Enumerative classification systems tend toward the “one and only one place” rule. Since libraries tend to have single copies of books, a book can exist in one and only one location within the library. Thus, the librarian must make decisions regarding the content of the book and follow guidelines to determine where the book should sit on the shelves. These guidelines include “Works dealing with multiple subjects are classed with subject being acted on” and “Class a work on multiple subjects with the one receiving fuller treatment” (OCLC).
6.2.5 Enumerative Classification versus Categorization
The distinction between categorization and classification seems superfluous but it in the context of information organization it is important to understand. Categorization can be thought of as a natural cognitive activity with fuzzy boundaries, while classification, in its most enumerative form, relies on predetermined mutually exclusive classes with fixed boundaries.
Category membership depends on perceived similarity; class membership depends on necessary and sufficient characteristics. Category membership is flexible and based on immediate context; class membership is true or false based on the “intension of a class” (Jacob, 2004, p. 528). With categories, some members may be more or less representative of that particular category. In a classification, class members are equally representative of the class.
Hierarchies may emerge from groupings of categories, but in a classification, there is a hierarchical structure of fixed classes (Jacob, 2004, p. 528).
Aristotle’s biological classification differs significantly from the biological classification we use today, which separates living things into eight taxonomic domains (domain, kingdom, phylum, class, order, family, genus, and species) based on a combination of Carolus Linnaeus’s characteristic-based grouping and Darwin’s principle of common descent. In contrast, Aristotle’s classification started with “animals with blood” and “animals without blood” and split animals into subclasses using the guiding principle of complex to less complex. Our present-day biological classification has strict rules for naming, while Aristotle’s hierarchical system was based largely on grouping according to perceived similarity.

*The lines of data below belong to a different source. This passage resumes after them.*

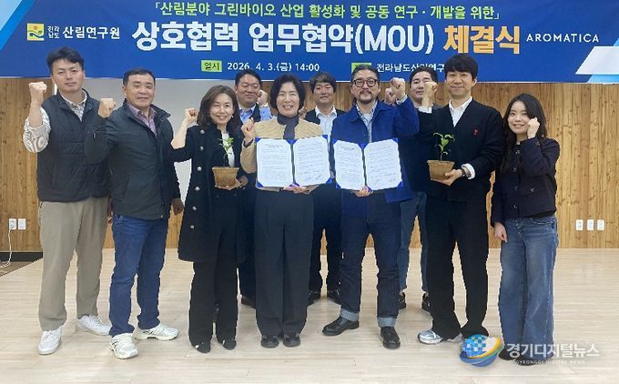 경기디지털뉴스 마성숙 기자 | 전라남도산림연구원은 3일 ㈜아로마티카와 업무협약을 체결하고, 전남의 난대 산림자원에서 추출한 에센셜오일을 활용해 K-뷰티 화장품 개발과 산업화를 추진한다고 밝혔다.
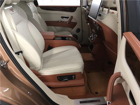 19款宾利添越欧版车内空间 采用独立四座,,后排座椅与前排座椅具有相同的调节功能,其乘坐感、包裹感也与前排座椅保持相同规格,这一点在所有豪华SUV中独一无二。添越的尾门采用电动开 启,并且在行李厢中设置了功能丰富的滑动式导轨,既可用于固定、分割行李,也可以拉出软垫作为休息、乘坐的平台,充分体现了宾利SUV车型崇尚的生活方式。
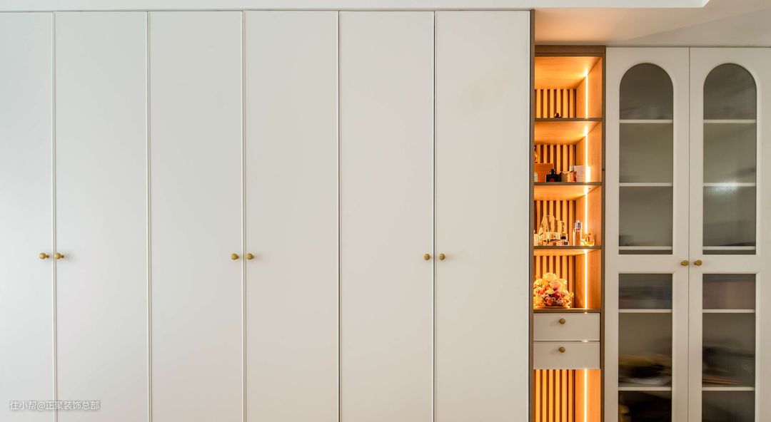 早晨看着还普普通通的卧室,当傍晚夕阳照进卧室的那一刻,瞬间温柔了好多。 卧室12平左右,1.8m的泡芙床,奶油色系的梳妆台、床头柜、窗帘和地毯,墙面钱滩银珠通刷,奶白色的大衣柜,真没想到,简简单单的软装布置出来,还有一点点高级感!

6.3 Faceted Classification
6.3.1 What are Facets?
As we discussed in 6.2.5, enumerative classification imposes a number of constraints on how a classification is designed to accommodate classes. Highly hierarchical classifications may work to classify atoms—e.g., physical books—but when we turn to bits, hierarchical classification falters. Card sorting, a process where users are brought into a room and asked to sort cards with labels and entity names on them in order to help develop a system of organization, also results in limiting, hierarchical systems. Thus, we often turn to faceted classification in order to overcome enumerative classification’s limitations, especially on the web.